I'm having actual coding conversations that I used to only have with senior devs, right now, while browsing HN, and code that does what I asked is being produced.

logicchains

>I think the main hesitancy is due to rampant anthropomorphism. These models cannot reason, they pattern match language tokens and generate emergent behaviour as a result

This is rampant human chauvinism. There's absolutely no empirical basis for the statement that these models "cannot reason", it's just pseudoscientific woo thrown around by people who want to feel that humans are somehow special. By pretty much every empirical measure of "reasoning" or intelligence we have, SOTA LLMs are better at it than the average human.

Davidzheng

I don't think it's much less exciting if they ran it 10000 parallel? It implies an ability to discern when the proof is correct and rigorous (which o3 can't do consistently) and also means that outputting the full proof is within capabilities even if rare.

FeepingCreature

The whole point of RL is if you can get it to work 0.01% of the time you can get it to work 100% of the time.

lcnPylGDnU4H9OF

> what tools were used and how the model used them

According to the twitter thread, the model was not given access to tools.

constantcrying

>if OpenAI ran this 10000 times in parallel and cherry-picked the best one, this is a lot less exciting.

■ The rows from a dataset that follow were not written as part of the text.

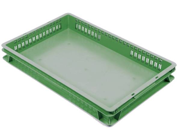 Ящик (лоток) пластиковый овощной с перфорированными стенками, 600х400х75 мм, зеленый [600400075-01]
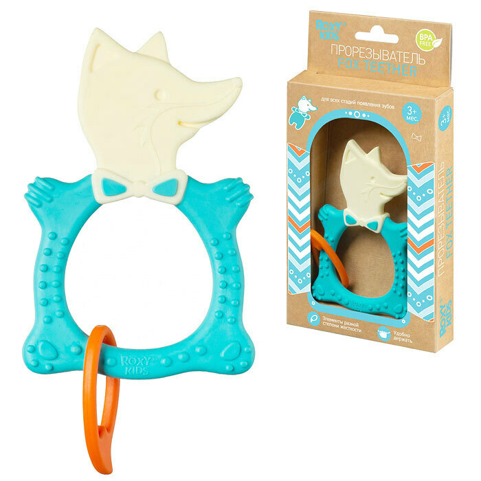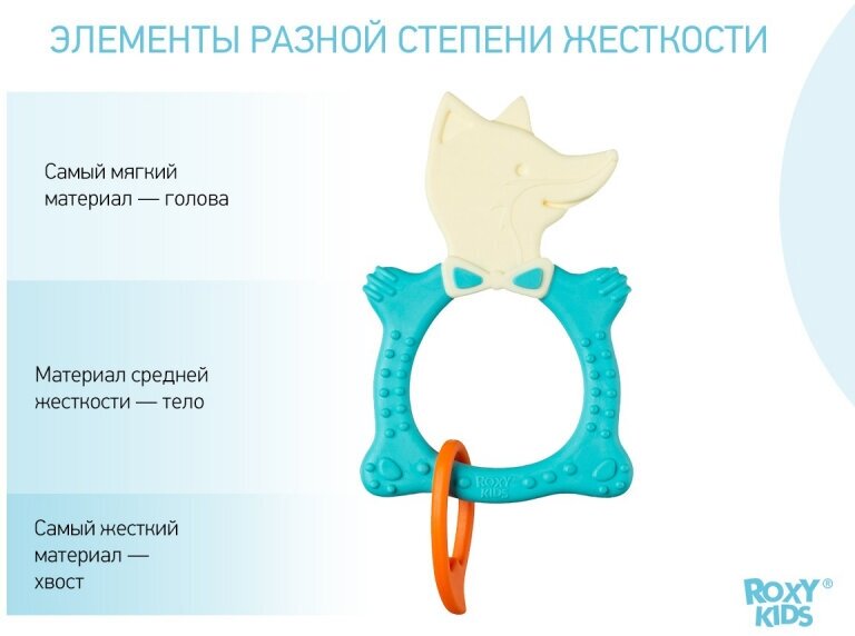 различной степени жесткости. На начальном этапе, когда у малыша раздражены десны, он может чесать их о мягкую рельефную голову лисенка,Потом уже грызть более твердое тело и твердый хвост. Еще
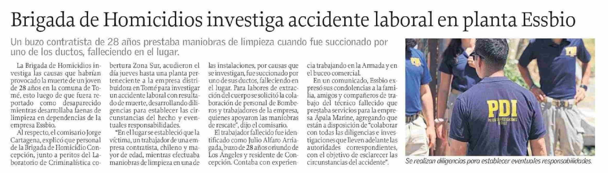 Título: Brigada de Homicidios investiga accidente laboral en planta Essbio
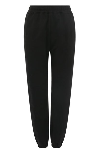 Черные джоггеры с классической посадкой добавят спортивной динамики повседневному образу с свитшотом, сапогами и сумкой в тон и бежевым тренчем. Модель с широким эластичным поясом и двумя карманами выполнили из мягкого хлопкового трикотажа, создающего комфортный для тела микроклимат и не теряющего со временем форму и цвет. На принадлежность марке деликатно намекает вышитый оранжевой нитью логотип.
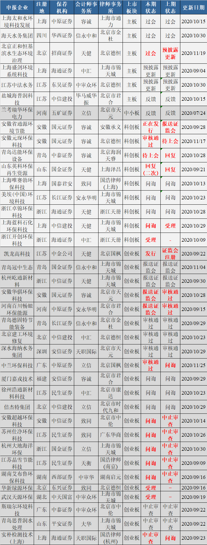 環(huán)保IPO持續(xù)火熱。根據環(huán)保汪最新發(fā)布的《環(huán)保行業(yè)投行報(11月刊)》顯示,11月,金達萊成功上市;正和生態(tài)、中蘭環(huán)保、元琛科技3家過會;開創(chuàng)環(huán)保申報科創(chuàng)板獲受理;華新環(huán)保、天源環(huán)保申報創(chuàng)業(yè)板獲受理。在審IPO共38家,其中:主板6家、中小板1家、科創(chuàng)板9家、創(chuàng)業(yè)板22家;已受理3家,反饋或問詢14...
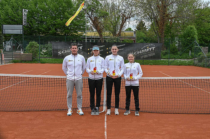 (v. li.) Sascha Müller (Verbandstrainer), Amy Waschulewski (TC Andernach), Mia Keuler und Emily Eigelsbach (HTC Bad Neuenahr)

That entirely depends on who did the cherry picking. If the LLM had 10000 attempts and each time a human had to falsify it, this story means absolutely nothing. If the LLM itself did the cherry picking, then this is just akin to a human solving a hard problem. Attempting solutions and falsifying them until the desired result is achieved. Just that the LLM scales with compute, while humans operate only sequentially.

johnecheck

The key bit here is whether the LLM doing the cherry picking had knowledge of the solution. If it didn't, this is a meaningful result. That's why I'd like more info, but I fear OpenAI is going to try to keep things under wraps.

diggan

> If it didn't

We kind of have to assume it didn't right? Otherwise bragging about the results makes zero sense and would be outright misleading.

strangeloops85

It’s interesting how hard and widespread a push they’re making in advertising this - at this particular moment, when there are rumors of more high level recruitment attempts / successes by Zuck. OpenAI is certainly a master at trying to drive narratives. (Independent of the actual significance / advance here). Sorry, there are too many hundreds of billions of dollars involved to not be a bit cautious and wary of claims being pushed this hard.